Musings: The political/personal -- Videoblogging is where it's at

The irony of my existence is that it has taken me so long to come to videoblogging. The medium is enthralling because it seems to offer this potential to express yourself (or at least myself, as I don't know about you) with a freedom and verve that isn't accessible by other media means.

If you keep to the bare minimum of time -- one, two, three...ten minutes -- and accept those restraints, then you can format you outlook with as much creative density as you can manage.

Conferencing

The exercise reminds me of the omnipresent political intervention when you are at a conference and the standing orders has set 3 minutes as the length of all contributions from the floor. If you want more time you need to prevail upon the chair or the body of the hall to get an extension.

Nonetheless, a conference -- at least the ones I'm used to -- can be dynamic all-in dialogues as the participants engage with each other to come to a collective agreement.

Despite the restraints the format encourages focus and doesn't suffer much bullshit.

I'm so caught up in trying to master as many techniques to do this as I can -- that I'm for the moment happy to deploy my digital camera to explore my video expressions. Because I'm using a simple and small tool I recognise why mobile phone vlogging is growing as a special medium in its own right with conferences and film festivals dedicated to the genre.

That's access with a capital A.

The other aspect that has struck me is that videoblogging suits political existence almost to a 't'. That may seem strange given that many activists would assume that documentary film making is the lifeblood of didactic creativity and advocacy. What isn't recognised is that the short sharp clip can be very powerful tool with which to make a point.

Our problem -- our collective problem -- is that we're so skewered by pretension that we can miss the everyday utility of the tools that may already be in our possession.

I came to videoblogging after exploring what's often referred to as photojournalism. If you go to a big time rally or protest there's a lot of paparazzi style shutterbugs hovering around the crowd shooting some very standard images of the event. But like an audio representation of the occasion, these images can only tell part of the story.

I used to take my camera and my microphone to these rallies and despite my rig investment was never satisfied with the end result: still photographs and sound files. Nonetheless I get an even worse feeling from the way 6 O'clock TV News journalism reports on these events. In fact inevitably -- even by design I'm sure -- TV journalism skewers the story by chasing headlines and proffering perverse exaggerations as fact.

But what if you were looking back, say, 20 or 30 years hence -- what would you want to take or learn from a record of such an event? If I can offer an answer it is:> that I was there. Not just that they were but you were too.

So I'm talking about grabbing much more than archival film footage -- I'm talking, oral history that isn't so oral at all.

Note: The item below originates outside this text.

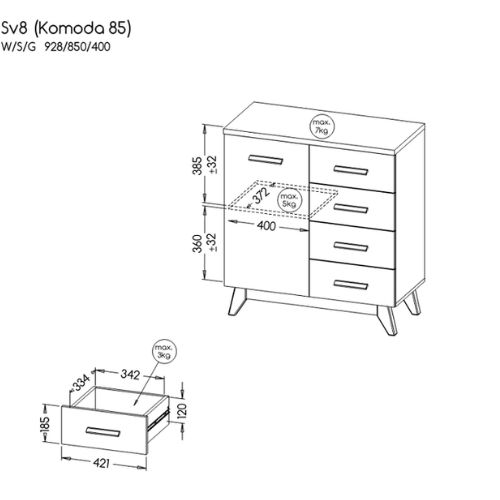 | Komoda skandynawska z szufladami i szafką Sven SV8 sosna andersen | 699 zł |
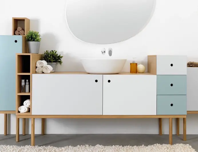 Vous pouvez donc par exemple: Changer de carrelage pour un modèle plus contemporain, repeindre les murs, changer le sol pour un revêtement en PVC (et pourquoi pas prendre un motif carreaux de ciment, pour un effet déco garanti), changer le meuble sous vasque, juste changer la vasque parce qu'il y a des modèles super sympas et pas trop chers, remplacer les luminaires...

That's the marker for political video (or to be more correct, political videoblogging) I reckon because intervening with a mind to grab footage a certain way, can also represent the essential character of the occasion. It's the long view of history not the show off short view.

Personal : Political

Of course, here in lies the perennial dichotomy and conflict between the "personal" and the "political" because it is so very easy in our cultural outlook to separate the two as though it's about wearing different hats: one for your ideological day out and the other mufti for when you're not. That's the way we're told to think: that being political and thinking politically is foreign to our everyday routine. We're told to "keep your opinions to yourself."

Maybe you are wondering how shooting a thunder storm from my back door can be political? In a setting of global warming that storm certainly has political context -- but I also think a lot of what we do everyday is our political existence as well, as much our sentence as it is our potential. Everyday labour can be harnessed into class struggle -- and despite our seeming apolitical outlook -- is part and parcel of class struggle whether we want it to be or not.

So I guess I'm trying to merge anthropology with activism. Congealed social ecology represented on a very small screen.

Brecht

In this regard I'm still caught up in the theories of Bertolt Brecht which have dominated me all my adult life. Verfremdungseffekt -- the Alienation Effect -- is so easily misunderstood but to give you a warmer sense of his perspective, what he once called Epic Theatre he later came to refer to as Dialectical Theatre. And Verfremdungseffekt is not a technique but an abstraction -- a way of doing / a way of seeing.

By its very nature it has to be political rather than simply technical because you start out with the aim to address an audience a certain way by unleashing a dialectical process that emanates from the experience both of making and watching the creative end result.

And in the case of videoblogging the powerful addendix is that it is episodic -- something like Brecht's view of epic theatre -- and comprises a montage of elements parceled out over time.

Brecht was also very influence by contemporary cinema and Dadaism's penchant to mix (multiply) media. This outlook was developed into the theory of Total Theatre by Erwin Piscator which gave Brecht the seeds for his later theorising.